What’s the best way to use the Twitter Stream API with Python to collect tweets in a large area?
I’m interested in geolocation, particularly the nationwide collection of tweets in North America. I’m currently using Python and Tweepy to dump tweets from the Twitter streaming API into a MongoDB database.
I’m currently using the API’s location-filter to pull tweets within a boundary box, and then I further filter to only store tweets with coordinates. I’ve found that if my boundary box is large enough, I run into a Python connection error:
raise ProtocolError('Connection broken: %r' % e, e)

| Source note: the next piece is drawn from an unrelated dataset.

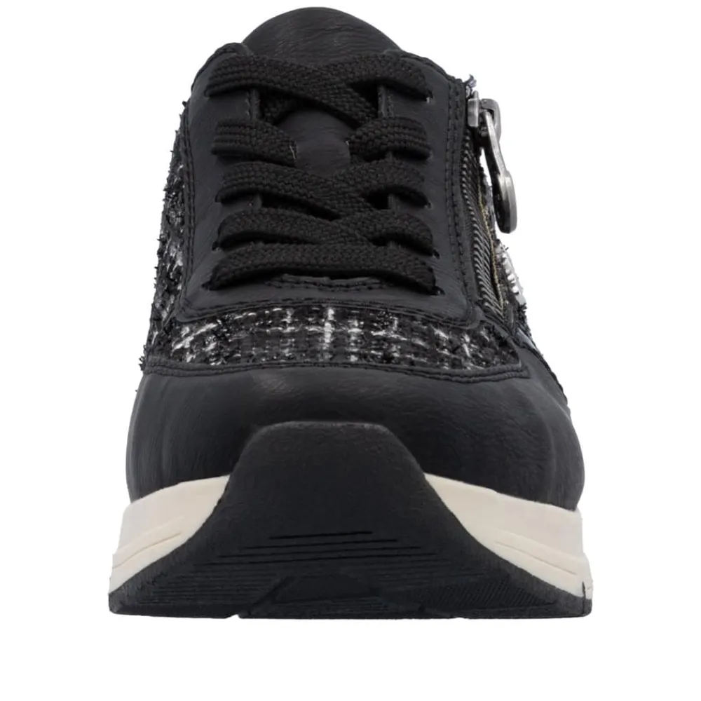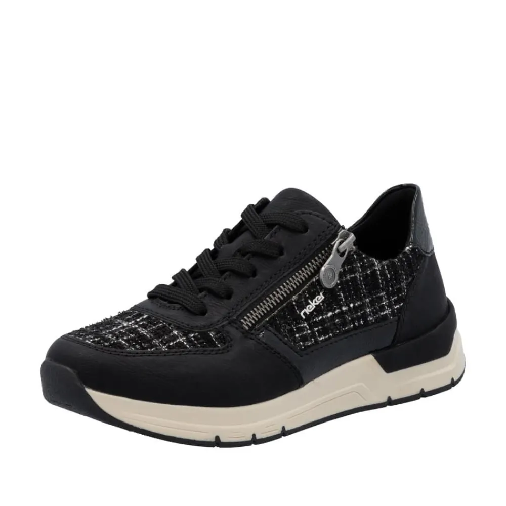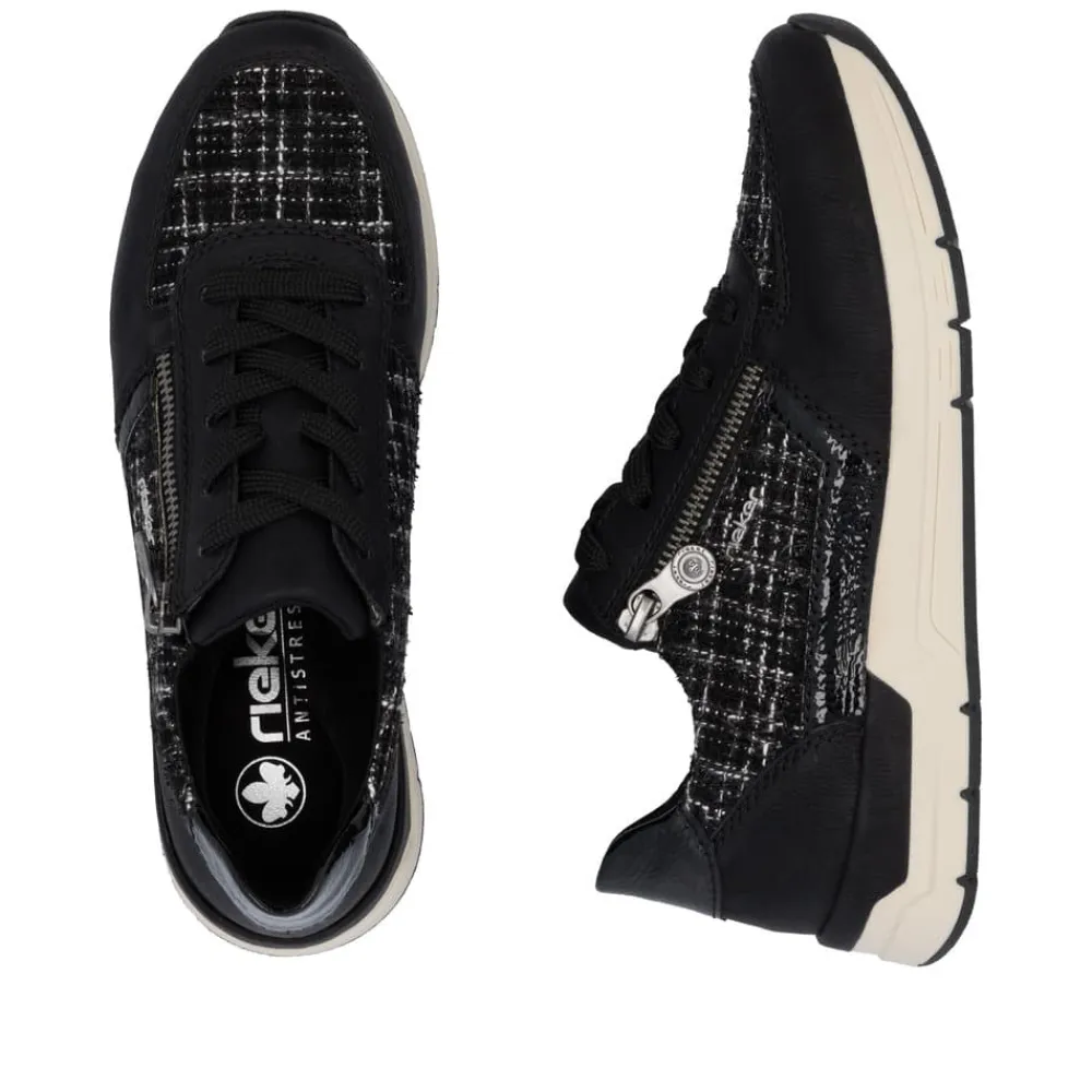 Rieker sneakers til dame i sort. Moderne sneakers i en flot sort farve med fede detaljer der giver et feminint look. Skoene har både snørebånd og en praktisk lynlås i siden, så de er nemme at tage af og på. Indvendigt bliver du mødt af en blød og udtagelig indersål, der sikrer komfort hele dagen. Den lette og fleksible ydersål med Rieker Antistress-teknologi gør skoene ideelle til hverdagens aktiviteter.

requests.packages.urllib3.exceptions.ProtocolError: ('Connection broken: IncompleteRead(0 bytes read)', IncompleteRead(0 bytes read))
I’ve made the bounding box smaller (I’ve successfully tried NYC and NYC + New England), but it seemms like the error returns with a large enough bounding box. I’ve also tried threading with the intention of running multiple StreamListeners concurrently, but I don’t think the API allows this (I’m getting 420 errors), or at least not in the manner that I’m attempting.
I’m using Tweepy to set up a custom StreamListener
class:
class MyListener(StreamListener):
"""Custom StreamListener for streaming data."""
# def __init__(self):
def on_data(self, data):
try:
db = pymongo.MongoClient(config.db_uri).twitter
col = db.tweets
decoded_json = json.loads(data)
geo = str(decoded_json['coordinates'])
user = decoded_json['user']['screen_name']
if geo != "None":
col.insert(decoded_json)
print("Geolocated tweet saved from user %s" % user)
else: print("No geo data from user %s" % user)
return True
except BaseException as e:
print("Error on_data: %s" % str(e))
time.sleep(5)
return True
def on_error(self, status):
print(status)
return True
This is what my Thread
class looks like:
class myThread(threading.Thread):
def __init__(self, threadID, name, streamFilter):
threading.Thread.__init__(self)
self.threadID = threadID
self.name = name
self.streamFilter = streamFilter
def run(self):
print("Starting " + self.name)
#twitter_stream.filter(locations=self.streamFilter)
Stream(auth, MyListener()).filter(locations=self.streamFilter)
And main
:
if __name__ == '__main__':
auth = OAuthHandler(config.consumer_key, config.consumer_secret)
auth.set_access_token(config.access_token, config.access_secret)
api = tweepy.API(auth)
twitter_stream = Stream(auth, MyListener())
# Bounding boxes:
northeast = [-78.44,40.88,-66.97,47.64]
texas = [-107.31,25.68,-93.25,36.7]
california = [-124.63,32.44,-113.47,42.2]
northeastThread = myThread(1,"ne-thread", northeast)
texasThread = myThread(2,"texas-thread", texas)
caliThread = myThread(3,"cali-thread", california)
northeastThread.start()
time.sleep(5)
texasThread.start()
time.sleep(10)
caliThread.start()
2
Answers
There is nothing bad or unusual about getting a
ProtocolError
. Connections do break from time to time. You should catch this error in your code and simply restart the stream. All will be good.BTW, I noticed you are interrogating the
geo
field which has been deprecated. The field you want iscoordinates
. You might also findplaces
useful.(The Twitter API docs say multiple streaming connections are not allowed.)
It seems twitter allocates one block of tweets when you try to search a keyword in a big geo (let’s say country or city). I think this can be overcome by running multiple streams of program concurrently, but as separate programs.